Data provided:
———

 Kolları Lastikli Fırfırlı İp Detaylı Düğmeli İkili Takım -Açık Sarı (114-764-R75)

———

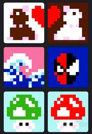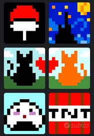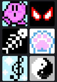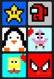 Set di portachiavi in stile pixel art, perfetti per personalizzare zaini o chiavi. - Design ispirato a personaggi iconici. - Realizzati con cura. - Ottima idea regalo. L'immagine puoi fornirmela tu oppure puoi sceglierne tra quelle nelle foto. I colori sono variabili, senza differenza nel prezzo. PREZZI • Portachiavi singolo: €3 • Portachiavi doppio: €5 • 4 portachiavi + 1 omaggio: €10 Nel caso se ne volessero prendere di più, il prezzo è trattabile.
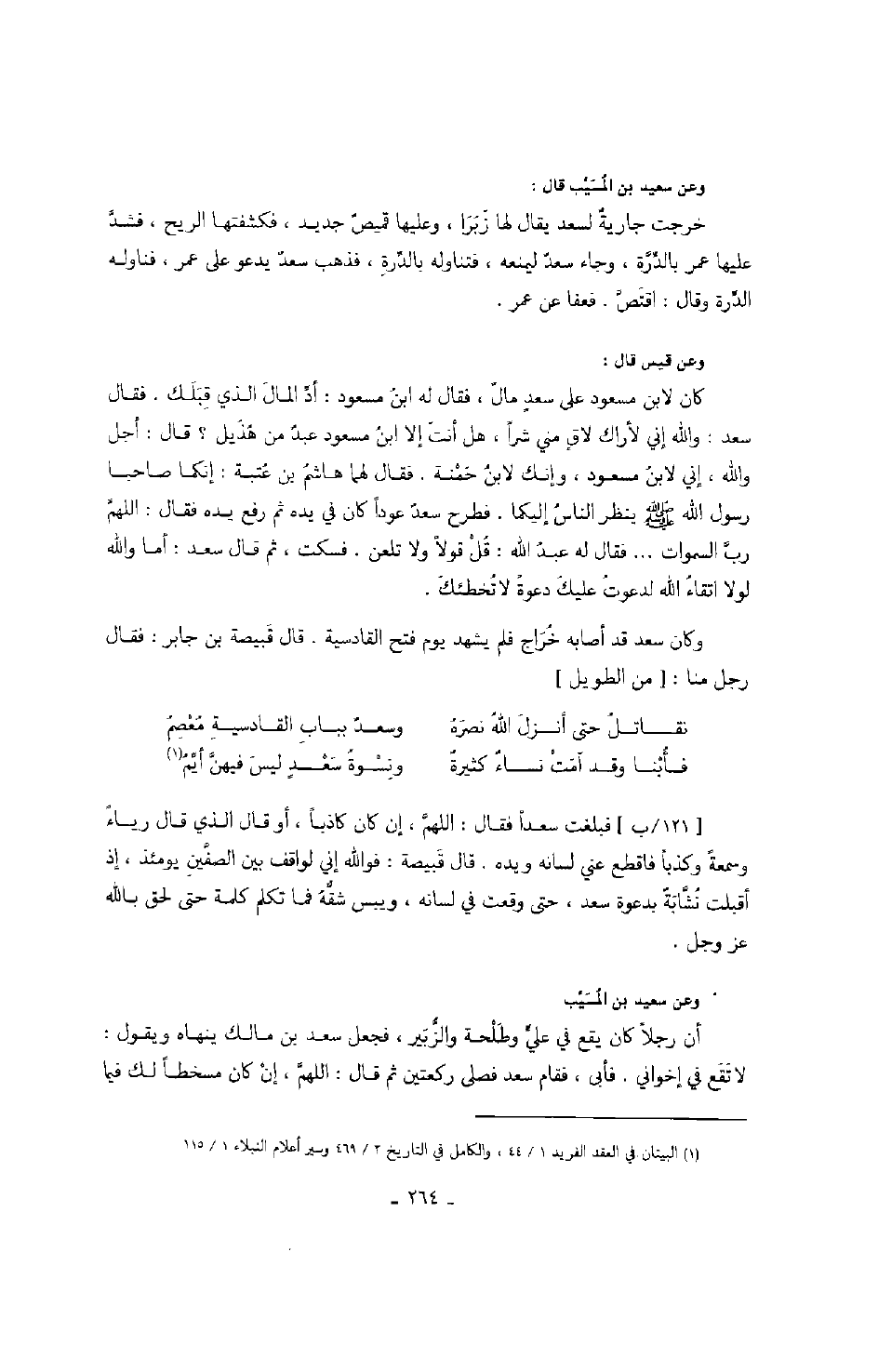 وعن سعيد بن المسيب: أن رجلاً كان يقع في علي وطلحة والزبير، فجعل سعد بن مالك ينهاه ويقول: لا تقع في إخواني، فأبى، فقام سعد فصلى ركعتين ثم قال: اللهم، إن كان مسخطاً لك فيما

———

Work instruction:
Leaving out the pictures, please output the lines in the entries above from the one with "Set di portachiavi" through the one with "وعن سعيد بن", exactly as they are.

Completed exercise:
 Set di portachiavi in stile pixel art, perfetti per personalizzare zaini o chiavi. - Design ispirato a personaggi iconici. - Realizzati con cura. - Ottima idea regalo. L'immagine puoi fornirmela tu oppure puoi sceglierne tra quelle nelle foto. I colori sono variabili, senza differenza nel prezzo. PREZZI • Portachiavi singolo: €3 • Portachiavi doppio: €5 • 4 portachiavi + 1 omaggio: €10 Nel caso se ne volessero prendere di più, il prezzo è trattabile.
 وعن سعيد بن المسيب: أن رجلاً كان يقع في علي وطلحة والزبير، فجعل سعد بن مالك ينهاه ويقول: لا تقع في إخواني، فأبى، فقام سعد فصلى ركعتين ثم قال: اللهم، إن كان مسخطاً لك فيما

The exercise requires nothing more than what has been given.